# SUPPLIED MATERIAL:
■ ■ ■ ■

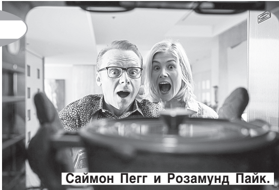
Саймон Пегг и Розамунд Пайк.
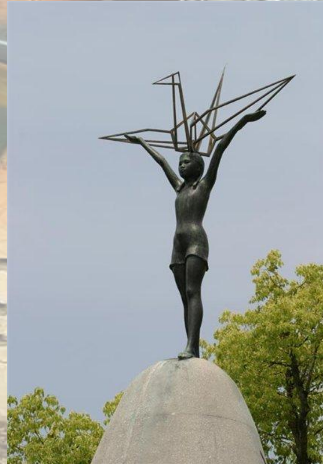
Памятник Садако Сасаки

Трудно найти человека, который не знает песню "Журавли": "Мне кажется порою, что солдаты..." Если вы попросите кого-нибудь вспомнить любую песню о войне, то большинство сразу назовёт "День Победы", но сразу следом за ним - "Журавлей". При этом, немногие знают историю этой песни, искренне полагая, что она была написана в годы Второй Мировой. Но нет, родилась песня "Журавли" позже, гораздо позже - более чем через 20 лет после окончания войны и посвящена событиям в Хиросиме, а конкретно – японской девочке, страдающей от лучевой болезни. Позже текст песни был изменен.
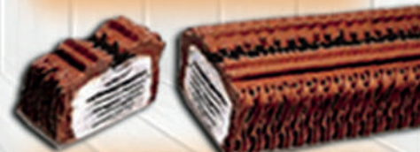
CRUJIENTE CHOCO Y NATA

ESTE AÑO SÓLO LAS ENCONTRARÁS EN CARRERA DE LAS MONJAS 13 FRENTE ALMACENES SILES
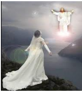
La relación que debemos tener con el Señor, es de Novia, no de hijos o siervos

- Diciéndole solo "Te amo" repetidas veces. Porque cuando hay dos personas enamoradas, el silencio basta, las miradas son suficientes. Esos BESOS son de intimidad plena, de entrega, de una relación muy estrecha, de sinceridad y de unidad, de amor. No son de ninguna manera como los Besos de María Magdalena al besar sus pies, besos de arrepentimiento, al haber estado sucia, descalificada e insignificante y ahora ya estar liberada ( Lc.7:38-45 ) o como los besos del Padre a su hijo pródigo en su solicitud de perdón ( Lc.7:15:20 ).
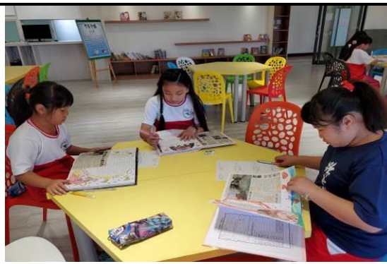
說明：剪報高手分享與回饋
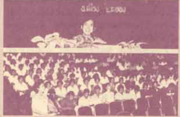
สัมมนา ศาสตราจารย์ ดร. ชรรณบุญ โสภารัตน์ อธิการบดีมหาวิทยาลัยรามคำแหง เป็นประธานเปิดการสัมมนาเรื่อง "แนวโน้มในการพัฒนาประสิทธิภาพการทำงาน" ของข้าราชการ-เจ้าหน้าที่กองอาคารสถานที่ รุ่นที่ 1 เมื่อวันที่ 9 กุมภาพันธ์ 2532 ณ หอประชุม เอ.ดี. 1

■ ■ ■ ■

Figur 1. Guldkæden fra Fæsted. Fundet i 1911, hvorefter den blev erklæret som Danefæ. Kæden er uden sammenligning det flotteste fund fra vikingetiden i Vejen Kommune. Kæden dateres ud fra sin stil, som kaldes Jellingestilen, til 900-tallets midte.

■ ■ ■ ■

# TO DO:
Although pictures appear among the records above, write out exactly only the lines from the one that has "Саймон Пегг и Розамунд Пайк." through the one that has "La relación que", and leave the pictures out.

# WRITTEN RESPONSE:
Саймон Пегг и Розамунд Пайк.
Памятник Садако Сасаки

Трудно найти человека, который не знает песню "Журавли": "Мне кажется порою, что солдаты..." Если вы попросите кого-нибудь вспомнить любую песню о войне, то большинство сразу назовёт "День Победы", но сразу следом за ним - "Журавлей". При этом, немногие знают историю этой песни, искренне полагая, что она была написана в годы Второй Мировой. Но нет, родилась песня "Журавли" позже, гораздо позже - более чем через 20 лет после окончания войны и посвящена событиям в Хиросиме, а конкретно – японской девочке, страдающей от лучевой болезни. Позже текст песни был изменен.
CRUJIENTE CHOCO Y NATA

ESTE AÑO SÓLO LAS ENCONTRARÁS EN CARRERA DE LAS MONJAS 13 FRENTE ALMACENES SILES
La relación que debemos tener con el Señor, es de Novia, no de hijos o siervos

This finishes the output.